* **Entries supplied**
::::::
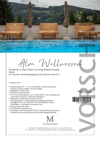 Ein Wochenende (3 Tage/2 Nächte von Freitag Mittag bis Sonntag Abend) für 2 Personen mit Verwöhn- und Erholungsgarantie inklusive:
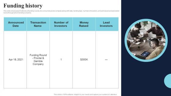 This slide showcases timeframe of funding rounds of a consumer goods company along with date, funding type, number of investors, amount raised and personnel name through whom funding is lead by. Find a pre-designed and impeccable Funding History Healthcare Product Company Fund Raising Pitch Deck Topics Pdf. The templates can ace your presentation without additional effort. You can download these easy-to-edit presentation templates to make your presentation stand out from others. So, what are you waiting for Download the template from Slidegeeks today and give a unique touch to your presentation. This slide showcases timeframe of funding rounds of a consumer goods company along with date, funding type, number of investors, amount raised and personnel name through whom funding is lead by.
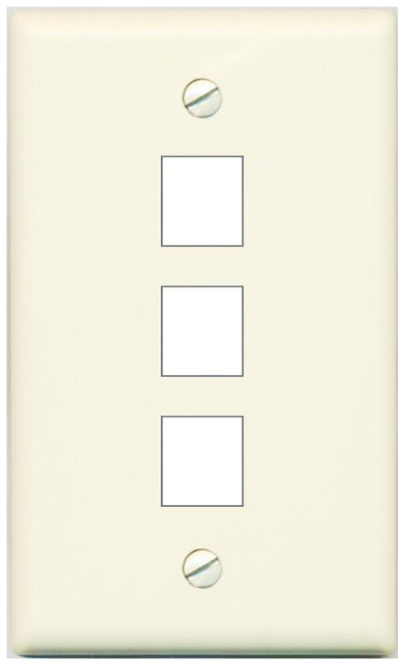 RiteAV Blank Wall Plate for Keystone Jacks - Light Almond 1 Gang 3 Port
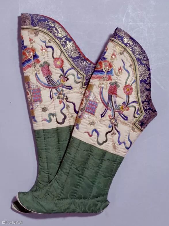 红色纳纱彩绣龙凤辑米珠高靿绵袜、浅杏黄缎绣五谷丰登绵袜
::::::
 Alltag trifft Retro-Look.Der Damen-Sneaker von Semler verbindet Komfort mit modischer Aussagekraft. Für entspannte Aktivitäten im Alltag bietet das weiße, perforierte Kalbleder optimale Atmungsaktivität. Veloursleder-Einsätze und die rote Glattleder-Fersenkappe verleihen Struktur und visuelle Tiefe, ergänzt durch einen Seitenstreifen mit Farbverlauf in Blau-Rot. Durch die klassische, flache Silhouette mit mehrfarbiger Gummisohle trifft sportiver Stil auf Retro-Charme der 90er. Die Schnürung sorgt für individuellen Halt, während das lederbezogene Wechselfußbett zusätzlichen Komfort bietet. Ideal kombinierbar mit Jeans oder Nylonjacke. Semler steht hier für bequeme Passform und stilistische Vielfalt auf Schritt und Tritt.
::::::
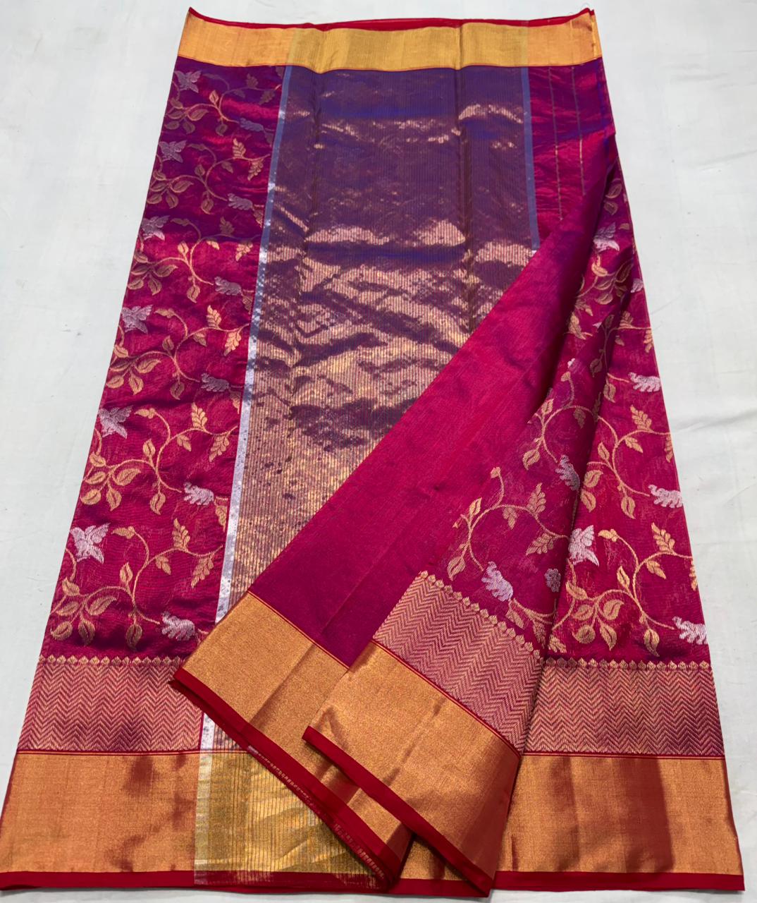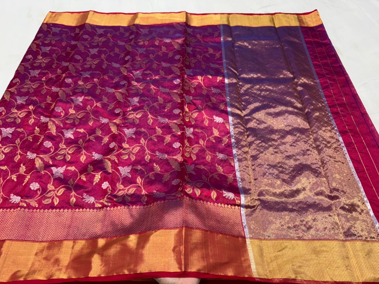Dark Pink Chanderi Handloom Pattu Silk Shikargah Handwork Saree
::::::
* **Task to complete**
Reproduce the data above exactly, but only from the line containing "Ein Wochenende (3" through the line containing "lead by. Find"; skip the pictures.

* **Result of the exercise**
 Ein Wochenende (3 Tage/2 Nächte von Freitag Mittag bis Sonntag Abend) für 2 Personen mit Verwöhn- und Erholungsgarantie inklusive:
 This slide showcases timeframe of funding rounds of a consumer goods company along with date, funding type, number of investors, amount raised and personnel name through whom funding is lead by. Find a pre-designed and impeccable Funding History Healthcare Product Company Fund Raising Pitch Deck Topics Pdf. The templates can ace your presentation without additional effort. You can download these easy-to-edit presentation templates to make your presentation stand out from others. So, what are you waiting for Download the template from Slidegeeks today and give a unique touch to your presentation. This slide showcases timeframe of funding rounds of a consumer goods company along with date, funding type, number of investors, amount raised and personnel name through whom funding is lead by.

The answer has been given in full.